Summary: Dist-geo-rep : while creating hardlinks on master, snapshot with geo-rep, res...

Keywords:
Status:	CLOSED WONTFIX
Alias:	None
Product:	Red Hat Gluster Storage
Classification:	Red Hat Storage
Component:	geo-replication
Sub Component:
Version:	rhgs-3.0
Hardware:	x86_64
OS:	Linux
Priority:	high
Severity:	high
Target Milestone:	---
Target Release:	---
Assignee:	Bug Updates Notification Mailing List
QA Contact:	amainkar
Docs Contact:
URL:
Whiteboard:	consistency
Depends On:
Blocks:
TreeView+	depends on / blocked

Reported:	2014-06-14 11:04 UTC by Vijaykumar Koppad
Modified:	2018-04-16 15:57 UTC (History)
CC List:	8 users (show)
Fixed In Version:
Doc Type:	Bug Fix
Doc Text:
Clone Of:
Environment:
Last Closed:	2018-04-16 15:57:57 UTC
Embargoed:
Dependent Products:

Attachments	(Terms of Use)
sosreport of the master and slave nodes. (60 bytes, text/plain) 2014-06-14 11:15 UTC, Vijaykumar Koppad	no flags	Details
View All

Description Vijaykumar Koppad 2014-06-14 11:04:02 UTC

Description of problem: while creating hardlinks on master, snapshot with geo-rep, resulted in few hardlink give read error on slave side. 

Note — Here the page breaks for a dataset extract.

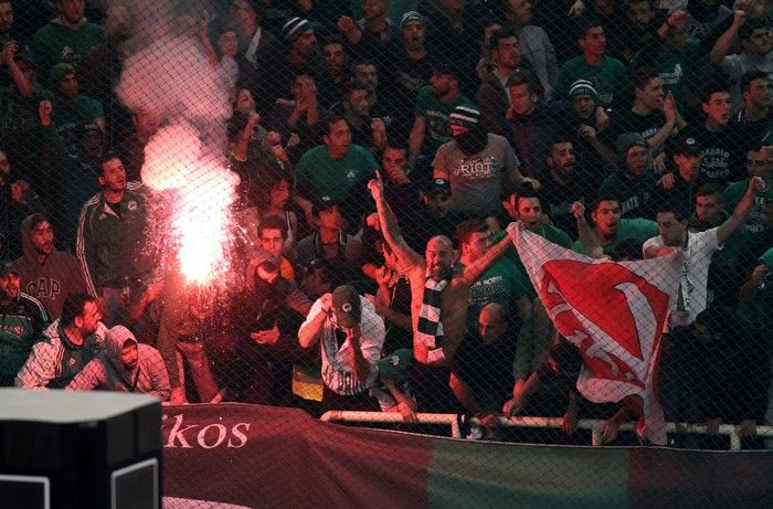 Εντός του γηπέδου, ακόμα και 90 λεπτά πριν από το τζάμπολ, είχε διαμορφωθεί σκηνικό αρένας. Το μεγάλο δίχτυ πίσω από τις δύο μπασκέτες είχε υψωθεί, ο οχετός των ύβρεων είχε μόλις αρχίσει κι όλα έπαιρναν το γνωστό φιλοπολεμικό δρόμο. Οι δύο προπονητές, πάντως, ως κύριοι που σέβονται τον εαυτό τους, και χειραψία αντάλλαξαν πριν από το παιχνίδι και το καλό παράδειγμα έδωσαν με τη συμπεριφορά τους. Όπως κι οι παίκτες. Τι τα θες, τι τα γυρεύεις όμως; Να σου πάλι οι κροτίδες, να τα βεγγαλικά που στόχευαν κεφάλια, να η αναστάτωση, να κι η αποχώρηση του Ολυμπιακού από το παρκέ. Ούτε το πνεύμα των Χριστουγέννων βοηθά τους σκληρούς της εξέδρας να χαλαρώσουν.

arequal-checksum gave this error
>>>>>>>>>>>>>>>>>>>>>>>>>>>>>>>>>>>>>>>>>>>>>>>>>>>>>>>>>>>>>>>>>>>>>>>>>>
Calculating  slave checksum ...

md5sum: /tmp/tmpyfYjDH/thread0/level00/level10/level20/level30/level40/level50/level60/level70/level80/level90/hardlink_to_files/539c1fb9%%S7NZ3IENGZ: No data available

>>>>>>>>>>>>>>>>>>>>>>>>>>>>>>>>>>>>>>>>>>>>>>>>>>>>>>>>>>>>>>>>>>>>>>>>>>>

corresponding client logs say
>>>>>>>>>>>>>>>>>>>>>>>>>>>>>>>>>>>>>>>>>>>>>>>>>>>>>>>>>>>>>>>>>>>>>>>>>>>>>
[2014-06-14 10:39:52.011137] W [client-rpc-fops.c:1155:client3_3_fgetxattr_cbk] 0-slave-client-9: remote operation failed: No data available
[2014-06-14 10:39:52.011207] E [dht-helper.c:778:dht_migration_complete_check_task] 0-slave-dht: (null): failed to get the 'linkto' xattr No data available
[2014-06-14 10:39:52.011283] W [fuse-bridge.c:2157:fuse_readv_cbk] 0-glusterfs-fuse: 390: READ => -1 (No data available)
>>>>>>>>>>>>>>>>>>>>>>>>>>>>>>>>>>>>>>>>>>>>>>>>>>>>>>>>>>>>>>>>>>>>>>>>>>>>>


Version-Release number of selected component (if applicable): glusterfs-3.6.0.16-1.el6rhs


How reproducible: didn't try to reproduce. 
 

Steps to Reproduce:
1. create geo-rep relationship between master and slave.
2. create data on master using the command "crefi -T 10 -n 5 --multi -b 10 -d 10 --random --min=1K --max=10K   /mnt/master/"
3. truncate all the data using the command "crefi -T 10 -n 5 --multi -b 10 -d 10 --random --min=1K --max=10K  --fop=truncate /mnt/master/"
4. while truncating the data, pause the geo-rep , take snap of slave and master and resume geo-rep.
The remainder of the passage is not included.